That would legitimatize some of the heuristics that Excel has implemented
to try to ameliorate the aberrations due to binary floating point
arithmetic. For example, as I noted in response to Jerry elsewhere in
this thread, the presumptive behavior of INT would work in my specific
example -- A1-INT(A1) -- if the formula in A1 had been rounded to 15
significant digits.

I imagine the performance cost would be equivalent to the performance
cost of "Precision as displayed".

Arguably, there would be still an issue with subexpressions in formulas.
For example, 123456789 - 0.0000004 - INT(123456789 - 0.0000004) might
still be a problem, at least not without an expensive solution.

Moreover, it would not mask the effects of all aberrations caused by
binary floating point arithmetic.

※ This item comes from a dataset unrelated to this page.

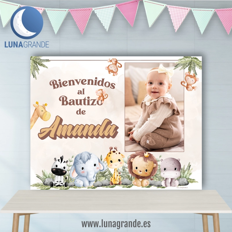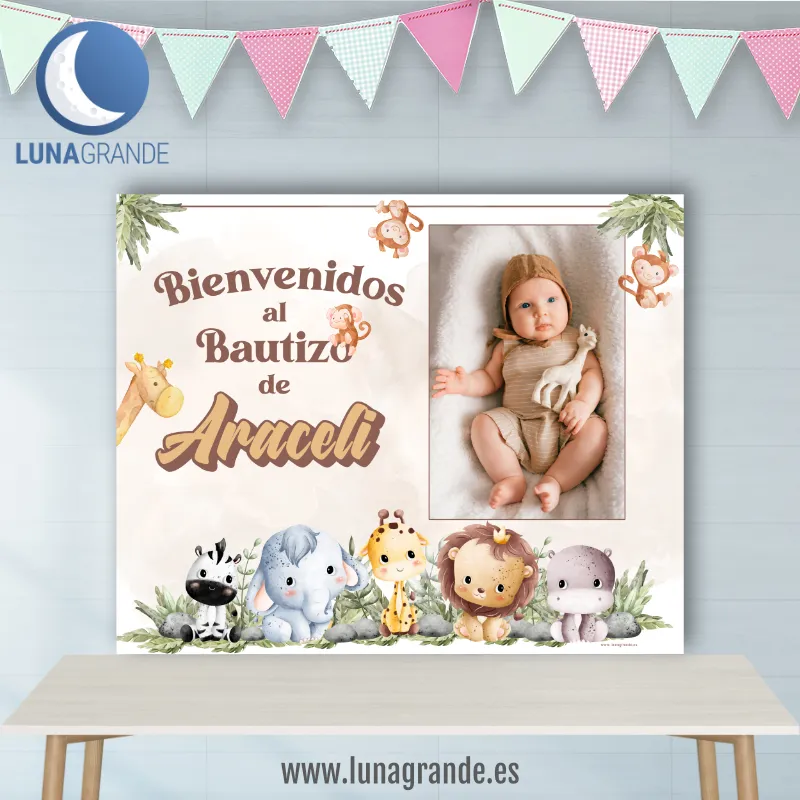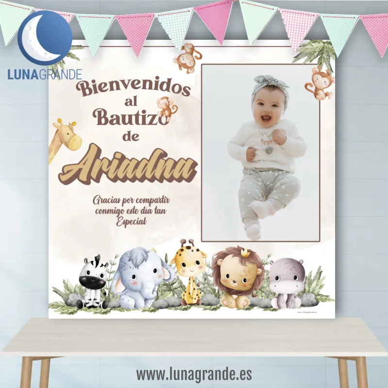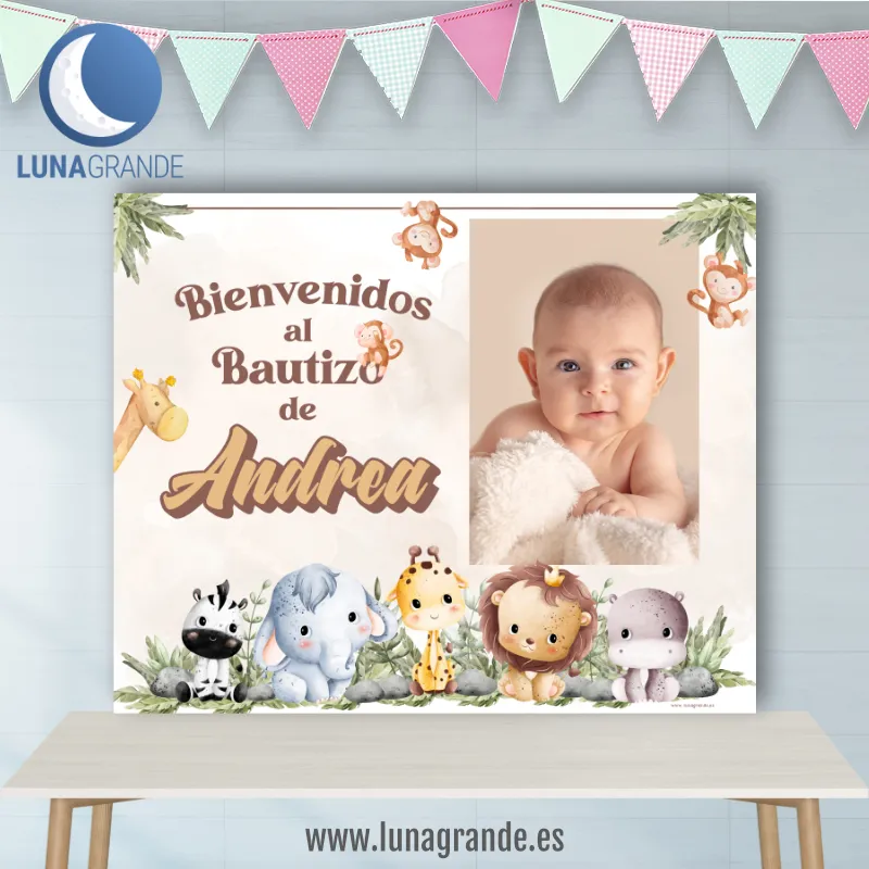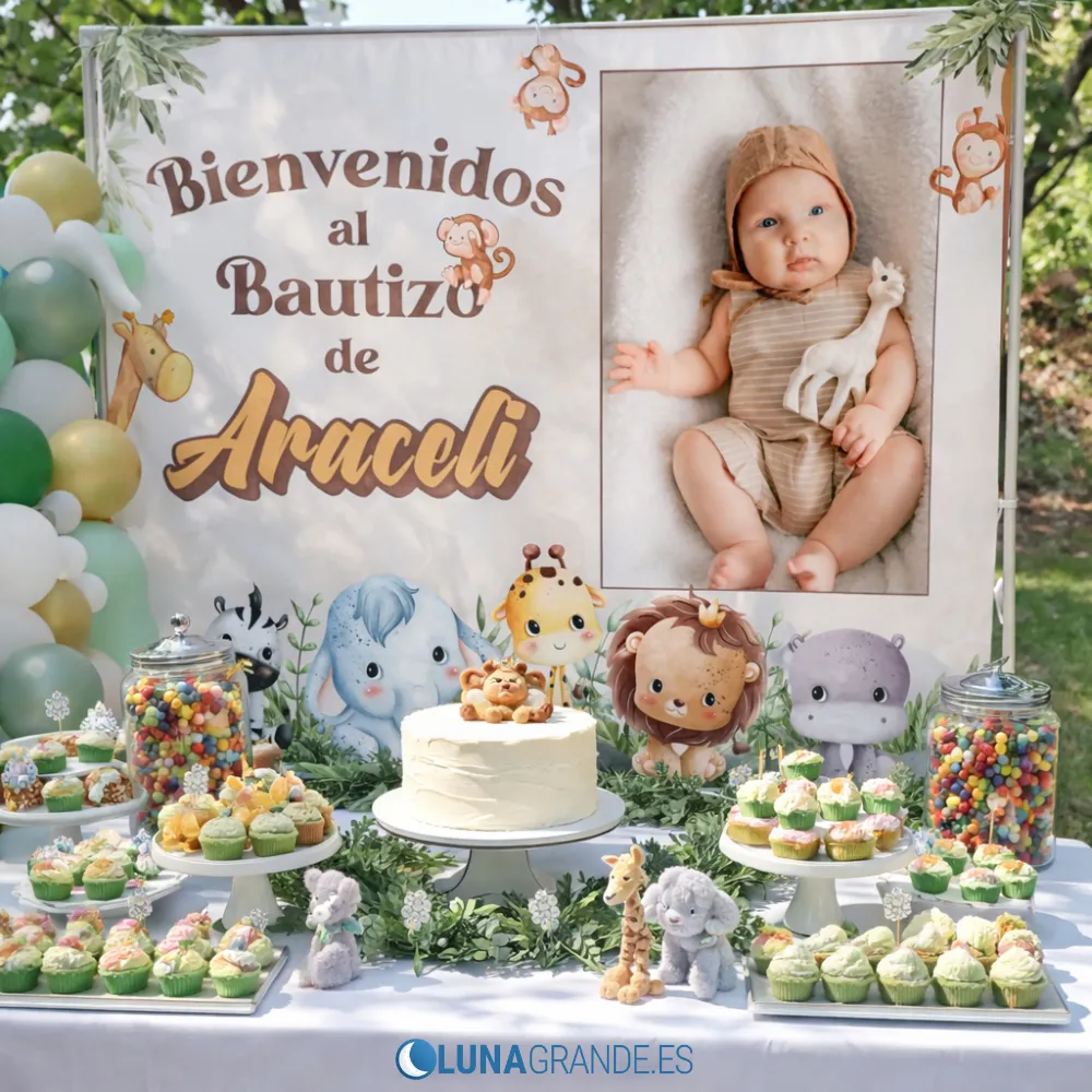 Si quieres una decoración tierna, original y muy fácil de reconocer en fotos, este Fondo para Mesa Dulce de Bautizo Selva es una apuesta muy buena. El diseño combina una composición suave en tonos neutros con animalitos de la selva, espacio para la foto del bebé y personalización con nombre, fecha y texto del evento.

But it should eliminate the "hidden"
effects, effects that cannot be seen even when formatting the cell to
display 15 significant digits.

In any case, Jerry's comments do suggest a work-around to the specific
anomaly that I presented in the original posting, to wit:
VALUE(A1&"")-INT(A1) is well-behaved, given the presumptive behavior of
INT.


----- original message -----

"JoeU2004" wrote in message
...
"Charles Williams" wrote in message
...
All numbers in Excel are IEEE Binary floating point.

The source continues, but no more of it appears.